# Exercise aim
Retype only what runs from the line with "Y2K error-turned-accessory! 3D-embroidered" through the end of the entries, exactly and in full, but omit any picture you find.

# Records for the task
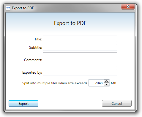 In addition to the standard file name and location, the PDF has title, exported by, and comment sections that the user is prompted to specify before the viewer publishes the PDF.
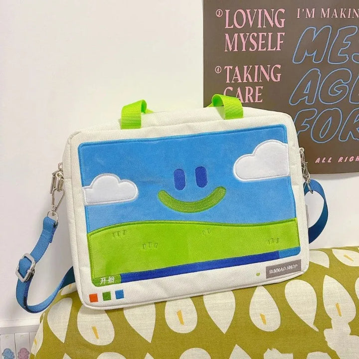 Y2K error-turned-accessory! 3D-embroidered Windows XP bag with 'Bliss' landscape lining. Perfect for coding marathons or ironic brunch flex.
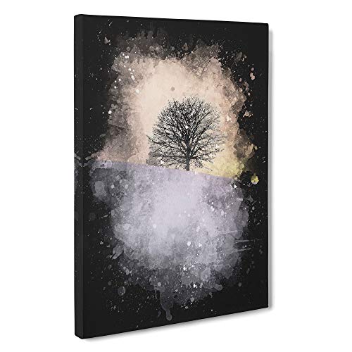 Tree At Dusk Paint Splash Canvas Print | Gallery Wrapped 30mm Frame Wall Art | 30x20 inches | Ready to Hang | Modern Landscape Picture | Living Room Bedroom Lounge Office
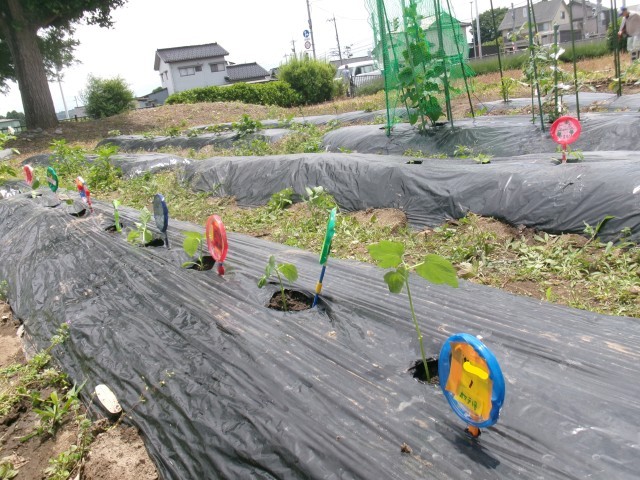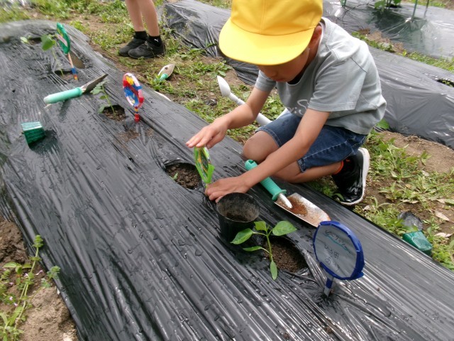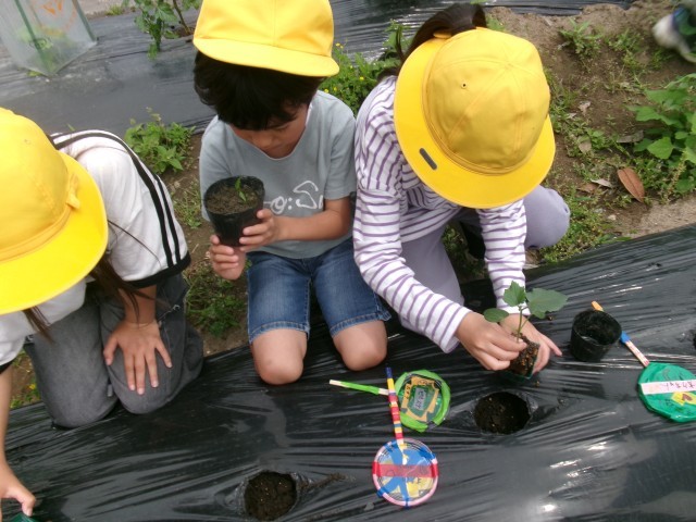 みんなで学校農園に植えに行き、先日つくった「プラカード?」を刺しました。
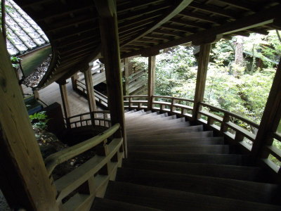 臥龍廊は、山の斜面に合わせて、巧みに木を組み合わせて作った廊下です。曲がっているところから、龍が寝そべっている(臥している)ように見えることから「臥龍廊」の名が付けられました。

# Answer section
 Y2K error-turned-accessory! 3D-embroidered Windows XP bag with 'Bliss' landscape lining. Perfect for coding marathons or ironic brunch flex.
 Tree At Dusk Paint Splash Canvas Print | Gallery Wrapped 30mm Frame Wall Art | 30x20 inches | Ready to Hang | Modern Landscape Picture | Living Room Bedroom Lounge Office
 みんなで学校農園に植えに行き、先日つくった「プラカード?」を刺しました。
 臥龍廊は、山の斜面に合わせて、巧みに木を組み合わせて作った廊下です。曲がっているところから、龍が寝そべっている(臥している)ように見えることから「臥龍廊」の名が付けられました。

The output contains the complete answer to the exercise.